═══ Material to process
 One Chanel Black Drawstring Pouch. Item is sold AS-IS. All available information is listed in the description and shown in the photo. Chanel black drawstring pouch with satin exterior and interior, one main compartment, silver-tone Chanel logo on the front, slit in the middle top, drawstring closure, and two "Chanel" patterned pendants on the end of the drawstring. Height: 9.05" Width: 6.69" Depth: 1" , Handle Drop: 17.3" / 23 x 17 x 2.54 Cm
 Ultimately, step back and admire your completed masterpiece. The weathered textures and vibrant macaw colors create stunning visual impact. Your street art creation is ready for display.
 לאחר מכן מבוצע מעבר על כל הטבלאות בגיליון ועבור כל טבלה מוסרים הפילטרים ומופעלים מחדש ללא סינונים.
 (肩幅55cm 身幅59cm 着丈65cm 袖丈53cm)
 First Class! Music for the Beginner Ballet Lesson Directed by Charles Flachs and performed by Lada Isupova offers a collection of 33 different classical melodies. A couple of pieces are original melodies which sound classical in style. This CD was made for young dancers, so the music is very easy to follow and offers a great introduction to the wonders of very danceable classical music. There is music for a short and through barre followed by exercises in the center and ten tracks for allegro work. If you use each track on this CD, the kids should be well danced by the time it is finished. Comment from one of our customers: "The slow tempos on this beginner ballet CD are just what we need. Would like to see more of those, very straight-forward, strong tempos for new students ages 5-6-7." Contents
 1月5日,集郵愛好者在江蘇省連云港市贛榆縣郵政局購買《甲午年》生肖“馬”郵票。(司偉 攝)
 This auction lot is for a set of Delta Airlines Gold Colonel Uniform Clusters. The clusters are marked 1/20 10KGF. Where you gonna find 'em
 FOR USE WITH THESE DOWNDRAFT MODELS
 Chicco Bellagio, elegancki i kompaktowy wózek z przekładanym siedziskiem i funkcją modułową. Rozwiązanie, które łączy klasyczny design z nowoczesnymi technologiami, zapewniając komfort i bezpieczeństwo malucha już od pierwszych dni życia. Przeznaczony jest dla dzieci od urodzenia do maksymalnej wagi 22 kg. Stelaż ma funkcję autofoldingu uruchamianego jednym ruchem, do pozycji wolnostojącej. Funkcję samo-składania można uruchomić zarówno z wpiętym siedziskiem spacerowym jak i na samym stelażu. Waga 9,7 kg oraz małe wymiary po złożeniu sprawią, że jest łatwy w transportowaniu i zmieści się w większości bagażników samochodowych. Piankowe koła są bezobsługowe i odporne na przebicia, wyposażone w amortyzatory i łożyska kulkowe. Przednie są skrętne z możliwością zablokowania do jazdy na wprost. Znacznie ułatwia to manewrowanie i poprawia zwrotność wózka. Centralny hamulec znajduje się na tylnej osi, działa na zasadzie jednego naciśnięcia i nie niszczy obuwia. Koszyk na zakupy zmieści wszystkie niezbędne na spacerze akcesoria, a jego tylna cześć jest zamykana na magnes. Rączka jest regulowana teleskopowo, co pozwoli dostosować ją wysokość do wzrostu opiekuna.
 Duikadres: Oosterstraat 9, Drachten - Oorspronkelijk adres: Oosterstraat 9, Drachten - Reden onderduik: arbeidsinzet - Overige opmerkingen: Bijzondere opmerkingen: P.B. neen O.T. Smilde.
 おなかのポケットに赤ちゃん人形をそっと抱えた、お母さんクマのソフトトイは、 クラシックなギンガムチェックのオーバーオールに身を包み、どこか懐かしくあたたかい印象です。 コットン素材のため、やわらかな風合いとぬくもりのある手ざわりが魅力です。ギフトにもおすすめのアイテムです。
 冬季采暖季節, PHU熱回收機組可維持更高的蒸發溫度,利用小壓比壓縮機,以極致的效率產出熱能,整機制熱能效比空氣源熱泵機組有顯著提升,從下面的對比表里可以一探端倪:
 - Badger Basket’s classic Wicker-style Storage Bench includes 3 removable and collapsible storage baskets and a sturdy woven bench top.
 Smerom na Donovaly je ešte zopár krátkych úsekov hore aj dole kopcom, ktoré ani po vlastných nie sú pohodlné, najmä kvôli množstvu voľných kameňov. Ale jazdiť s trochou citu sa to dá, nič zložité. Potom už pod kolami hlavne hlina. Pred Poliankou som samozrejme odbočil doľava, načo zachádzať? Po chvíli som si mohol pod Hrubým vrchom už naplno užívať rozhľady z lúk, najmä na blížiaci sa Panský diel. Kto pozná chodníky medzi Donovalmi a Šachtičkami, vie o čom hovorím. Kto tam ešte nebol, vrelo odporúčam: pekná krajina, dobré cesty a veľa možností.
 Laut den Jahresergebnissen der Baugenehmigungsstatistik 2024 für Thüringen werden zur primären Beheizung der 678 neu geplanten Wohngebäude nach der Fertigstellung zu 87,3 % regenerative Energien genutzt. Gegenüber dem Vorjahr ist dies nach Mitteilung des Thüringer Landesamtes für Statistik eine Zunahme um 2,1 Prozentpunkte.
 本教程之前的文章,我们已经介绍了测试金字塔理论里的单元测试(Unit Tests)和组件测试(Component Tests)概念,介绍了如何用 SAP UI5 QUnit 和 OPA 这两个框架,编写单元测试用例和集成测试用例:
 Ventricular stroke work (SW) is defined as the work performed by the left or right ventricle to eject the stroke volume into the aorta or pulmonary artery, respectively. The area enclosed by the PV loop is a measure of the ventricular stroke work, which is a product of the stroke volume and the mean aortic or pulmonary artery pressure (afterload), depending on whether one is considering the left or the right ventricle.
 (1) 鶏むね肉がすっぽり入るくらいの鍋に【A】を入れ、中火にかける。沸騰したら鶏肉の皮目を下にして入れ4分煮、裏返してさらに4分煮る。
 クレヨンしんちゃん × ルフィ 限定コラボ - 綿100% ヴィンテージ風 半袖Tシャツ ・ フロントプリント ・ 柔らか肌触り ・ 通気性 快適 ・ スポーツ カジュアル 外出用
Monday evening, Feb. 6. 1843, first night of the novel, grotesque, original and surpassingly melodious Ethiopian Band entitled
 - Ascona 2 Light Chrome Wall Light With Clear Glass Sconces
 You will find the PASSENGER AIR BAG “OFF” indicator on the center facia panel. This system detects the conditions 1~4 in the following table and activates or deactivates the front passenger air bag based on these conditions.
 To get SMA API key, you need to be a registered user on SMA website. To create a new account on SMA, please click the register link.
══════
_What you are asked to do:_ For the material above, reproduce exactly the lines from the line with "Laut den Jahresergebnissen" to the line with "Tests)和组件测试(Component Tests)概念,介绍了如何用 SAP", inclusive, and exclude all others.

_Worked solution:_
 Laut den Jahresergebnissen der Baugenehmigungsstatistik 2024 für Thüringen werden zur primären Beheizung der 678 neu geplanten Wohngebäude nach der Fertigstellung zu 87,3 % regenerative Energien genutzt. Gegenüber dem Vorjahr ist dies nach Mitteilung des Thüringer Landesamtes für Statistik eine Zunahme um 2,1 Prozentpunkte.
 本教程之前的文章,我们已经介绍了测试金字塔理论里的单元测试(Unit Tests)和组件测试(Component Tests)概念,介绍了如何用 SAP UI5 QUnit 和 OPA 这两个框架,编写单元测试用例和集成测试用例:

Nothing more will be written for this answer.